WHAT IS EXPECTED> When writing out the entries below, keep only the lines from the line with "کرم مرطوبکننده برند" to the line with "ネギがたっぷり入ったチヂミで", both included, exactly as they are, and leave the pictures aside.

----- PROVIDED ENTRIES

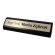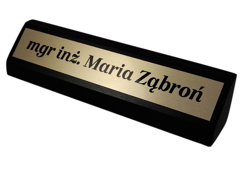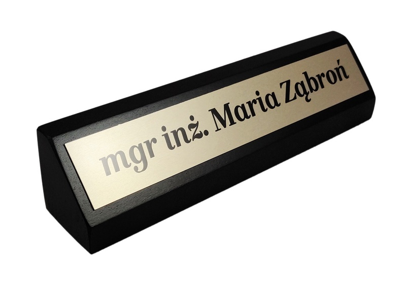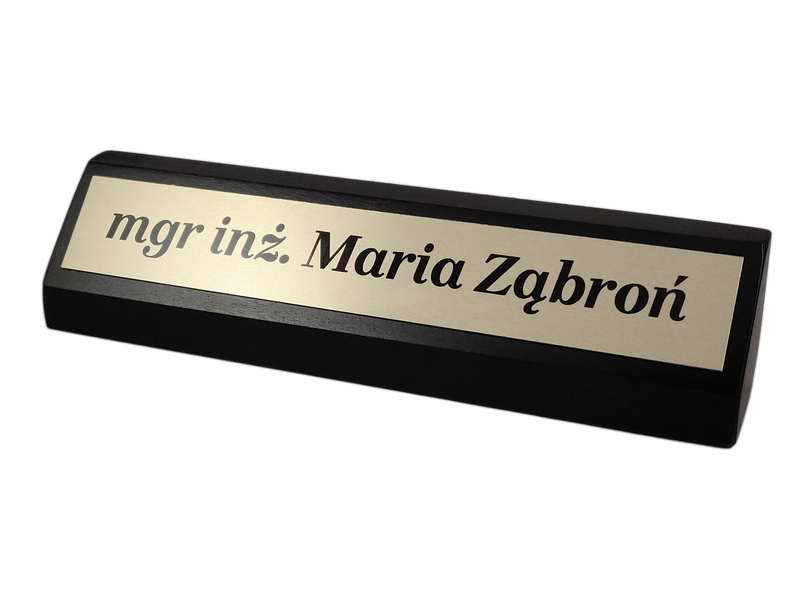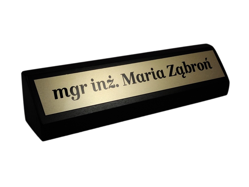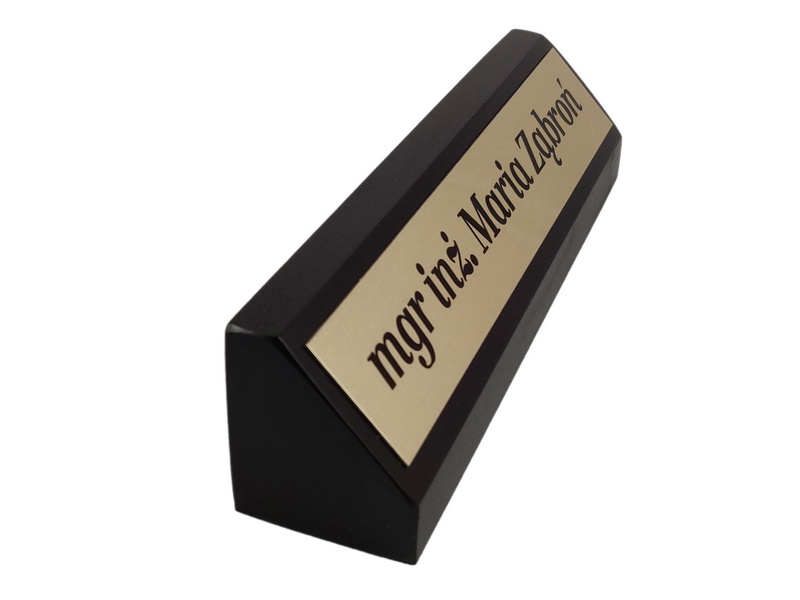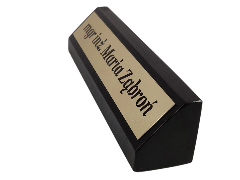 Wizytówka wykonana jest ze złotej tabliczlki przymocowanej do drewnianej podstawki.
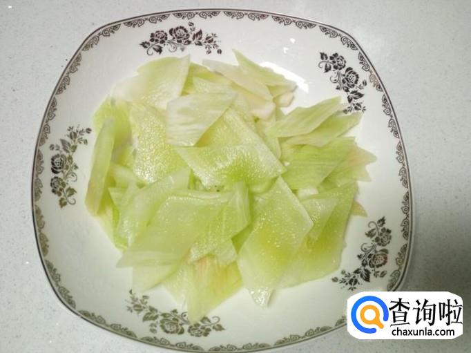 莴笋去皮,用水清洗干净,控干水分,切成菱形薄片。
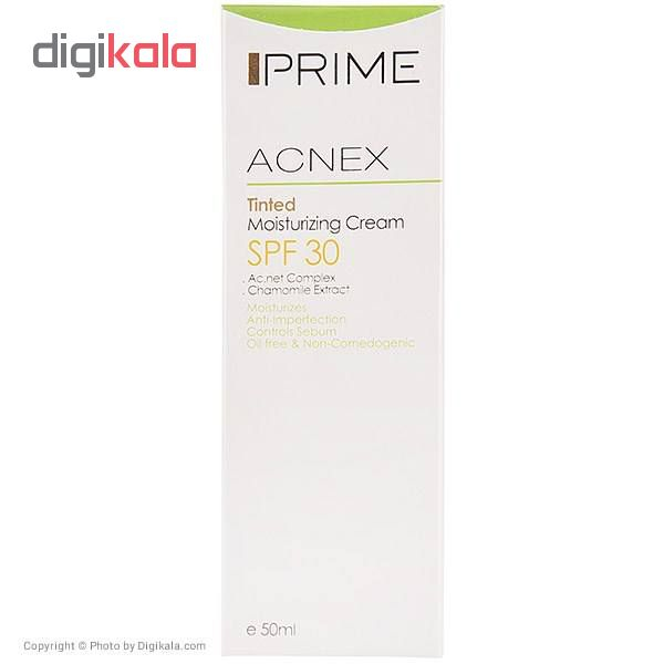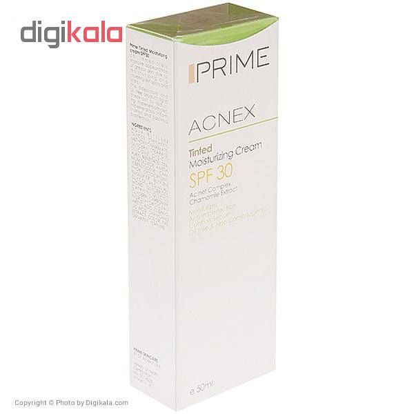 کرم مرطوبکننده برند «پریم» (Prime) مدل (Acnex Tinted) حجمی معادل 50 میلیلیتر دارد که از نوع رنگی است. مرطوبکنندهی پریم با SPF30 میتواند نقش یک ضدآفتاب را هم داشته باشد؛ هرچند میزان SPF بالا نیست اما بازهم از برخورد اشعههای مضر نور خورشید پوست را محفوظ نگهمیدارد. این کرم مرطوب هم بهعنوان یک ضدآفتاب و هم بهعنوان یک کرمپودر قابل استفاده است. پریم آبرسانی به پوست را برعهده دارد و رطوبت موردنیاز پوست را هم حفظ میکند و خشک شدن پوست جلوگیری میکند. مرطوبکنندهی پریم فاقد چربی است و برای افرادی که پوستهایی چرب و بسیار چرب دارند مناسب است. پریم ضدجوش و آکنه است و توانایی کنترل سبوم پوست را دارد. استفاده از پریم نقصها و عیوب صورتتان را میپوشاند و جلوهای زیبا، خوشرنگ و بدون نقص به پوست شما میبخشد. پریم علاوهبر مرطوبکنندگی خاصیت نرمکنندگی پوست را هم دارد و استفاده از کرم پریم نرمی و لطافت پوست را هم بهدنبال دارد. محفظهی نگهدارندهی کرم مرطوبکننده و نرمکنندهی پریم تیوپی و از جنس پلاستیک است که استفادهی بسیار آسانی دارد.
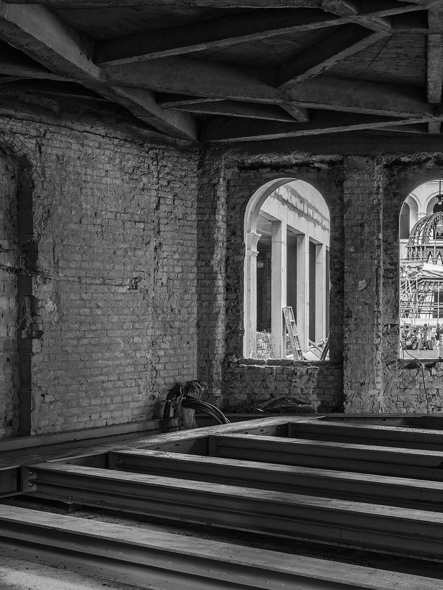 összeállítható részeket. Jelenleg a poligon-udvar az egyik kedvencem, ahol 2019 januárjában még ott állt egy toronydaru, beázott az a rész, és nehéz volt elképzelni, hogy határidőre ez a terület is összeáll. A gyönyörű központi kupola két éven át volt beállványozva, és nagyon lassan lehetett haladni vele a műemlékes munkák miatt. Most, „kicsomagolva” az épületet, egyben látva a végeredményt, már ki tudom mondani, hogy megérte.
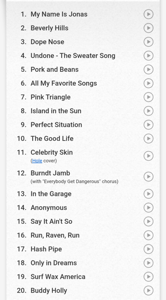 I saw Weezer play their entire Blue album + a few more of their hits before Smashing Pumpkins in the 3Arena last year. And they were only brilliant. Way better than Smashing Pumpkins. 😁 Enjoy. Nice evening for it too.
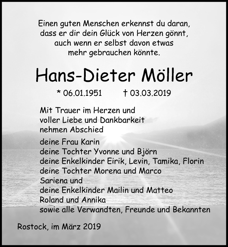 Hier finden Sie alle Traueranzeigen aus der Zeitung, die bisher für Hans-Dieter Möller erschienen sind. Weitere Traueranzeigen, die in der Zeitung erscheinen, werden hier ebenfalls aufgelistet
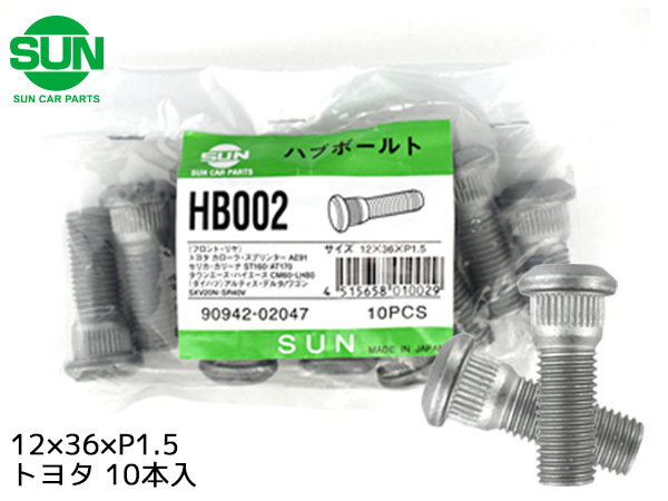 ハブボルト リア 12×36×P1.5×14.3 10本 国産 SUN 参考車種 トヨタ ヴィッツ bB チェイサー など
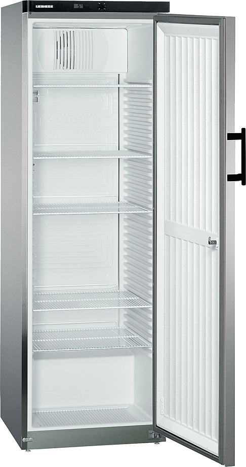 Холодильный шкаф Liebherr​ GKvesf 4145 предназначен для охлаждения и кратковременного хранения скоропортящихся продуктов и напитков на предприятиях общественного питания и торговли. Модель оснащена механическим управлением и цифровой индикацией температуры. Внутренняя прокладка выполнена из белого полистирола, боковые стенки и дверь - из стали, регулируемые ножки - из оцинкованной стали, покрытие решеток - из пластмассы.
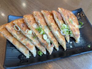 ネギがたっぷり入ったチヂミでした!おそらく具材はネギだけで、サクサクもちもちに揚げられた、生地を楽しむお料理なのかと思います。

----------
----- PROVIDED ENTRIES

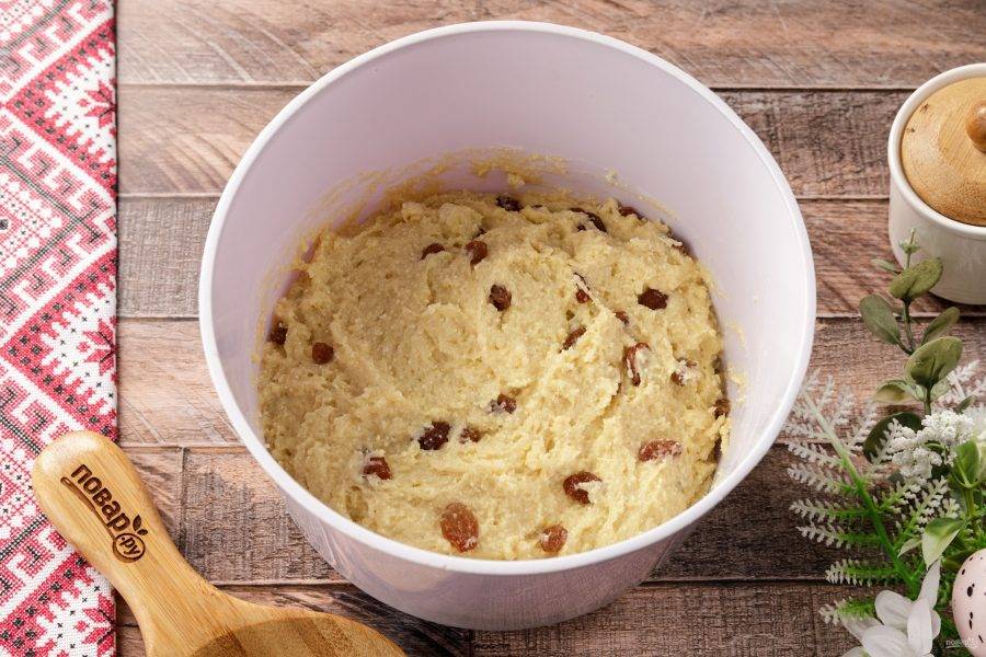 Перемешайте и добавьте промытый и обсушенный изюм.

----------
----- PROVIDED ENTRIES

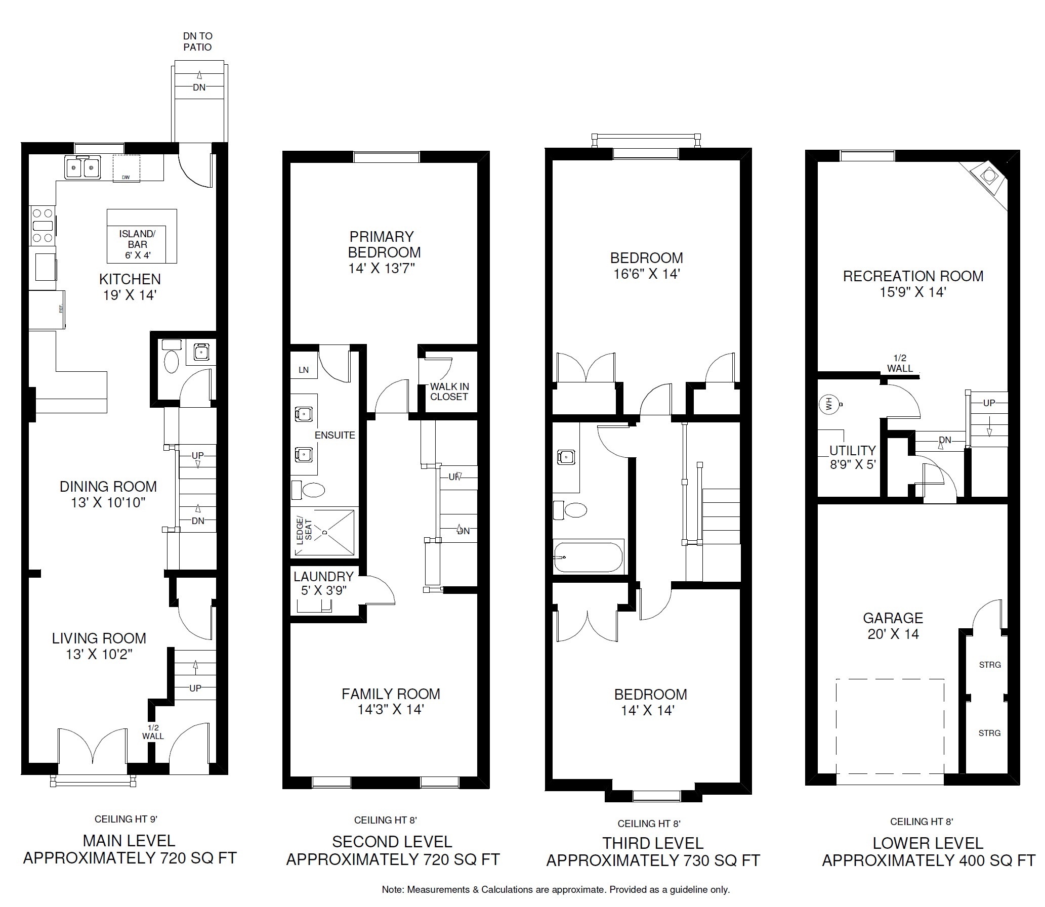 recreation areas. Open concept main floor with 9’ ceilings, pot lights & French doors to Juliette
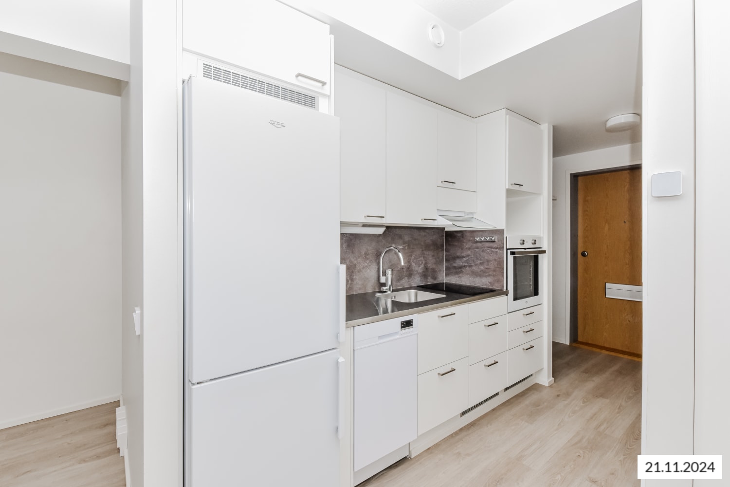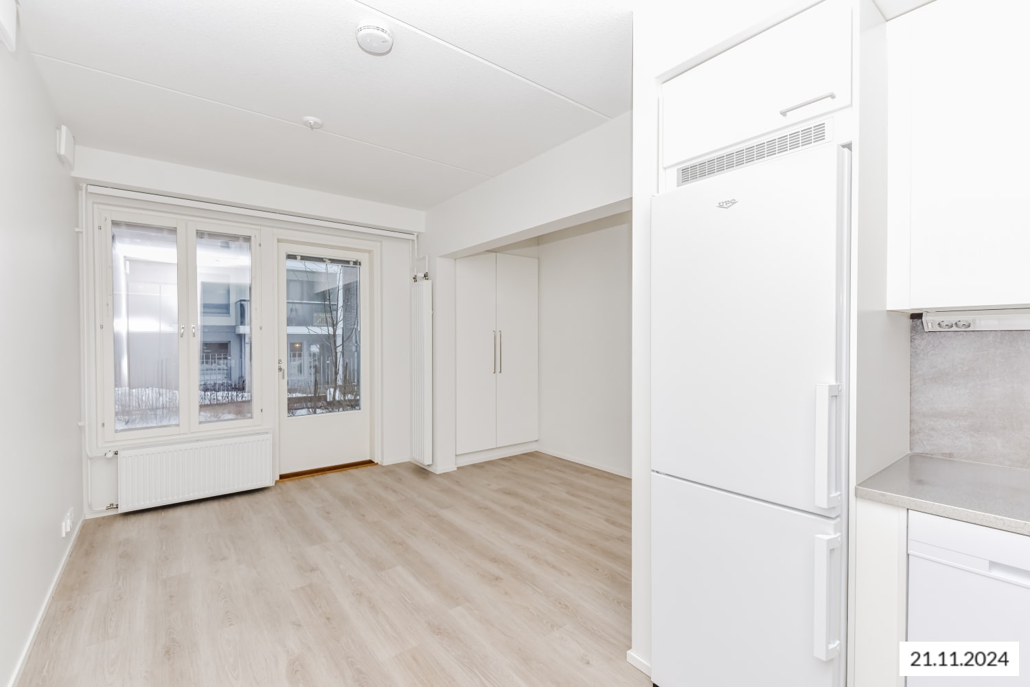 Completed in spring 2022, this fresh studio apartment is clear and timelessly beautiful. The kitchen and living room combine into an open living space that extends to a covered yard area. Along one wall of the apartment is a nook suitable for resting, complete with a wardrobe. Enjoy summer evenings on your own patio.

----------

RESULT>
 کرم مرطوبکننده برند «پریم» (Prime) مدل (Acnex Tinted) حجمی معادل 50 میلیلیتر دارد که از نوع رنگی است. مرطوبکنندهی پریم با SPF30 میتواند نقش یک ضدآفتاب را هم داشته باشد؛ هرچند میزان SPF بالا نیست اما بازهم از برخورد اشعههای مضر نور خورشید پوست را محفوظ نگهمیدارد. این کرم مرطوب هم بهعنوان یک ضدآفتاب و هم بهعنوان یک کرمپودر قابل استفاده است. پریم آبرسانی به پوست را برعهده دارد و رطوبت موردنیاز پوست را هم حفظ میکند و خشک شدن پوست جلوگیری میکند. مرطوبکنندهی پریم فاقد چربی است و برای افرادی که پوستهایی چرب و بسیار چرب دارند مناسب است. پریم ضدجوش و آکنه است و توانایی کنترل سبوم پوست را دارد. استفاده از پریم نقصها و عیوب صورتتان را میپوشاند و جلوهای زیبا، خوشرنگ و بدون نقص به پوست شما میبخشد. پریم علاوهبر مرطوبکنندگی خاصیت نرمکنندگی پوست را هم دارد و استفاده از کرم پریم نرمی و لطافت پوست را هم بهدنبال دارد. محفظهی نگهدارندهی کرم مرطوبکننده و نرمکنندهی پریم تیوپی و از جنس پلاستیک است که استفادهی بسیار آسانی دارد.
 összeállítható részeket. Jelenleg a poligon-udvar az egyik kedvencem, ahol 2019 januárjában még ott állt egy toronydaru, beázott az a rész, és nehéz volt elképzelni, hogy határidőre ez a terület is összeáll. A gyönyörű központi kupola két éven át volt beállványozva, és nagyon lassan lehetett haladni vele a műemlékes munkák miatt. Most, „kicsomagolva” az épületet, egyben látva a végeredményt, már ki tudom mondani, hogy megérte.
 I saw Weezer play their entire Blue album + a few more of their hits before Smashing Pumpkins in the 3Arena last year. And they were only brilliant. Way better than Smashing Pumpkins. 😁 Enjoy. Nice evening for it too.
 Hier finden Sie alle Traueranzeigen aus der Zeitung, die bisher für Hans-Dieter Möller erschienen sind. Weitere Traueranzeigen, die in der Zeitung erscheinen, werden hier ebenfalls aufgelistet
 ハブボルト リア 12×36×P1.5×14.3 10本 国産 SUN 参考車種 トヨタ ヴィッツ bB チェイサー など
 Холодильный шкаф Liebherr​ GKvesf 4145 предназначен для охлаждения и кратковременного хранения скоропортящихся продуктов и напитков на предприятиях общественного питания и торговли. Модель оснащена механическим управлением и цифровой индикацией температуры. Внутренняя прокладка выполнена из белого полистирола, боковые стенки и дверь - из стали, регулируемые ножки - из оцинкованной стали, покрытие решеток - из пластмассы.
 ネギがたっぷり入ったチヂミでした!おそらく具材はネギだけで、サクサクもちもちに揚げられた、生地を楽しむお料理なのかと思います。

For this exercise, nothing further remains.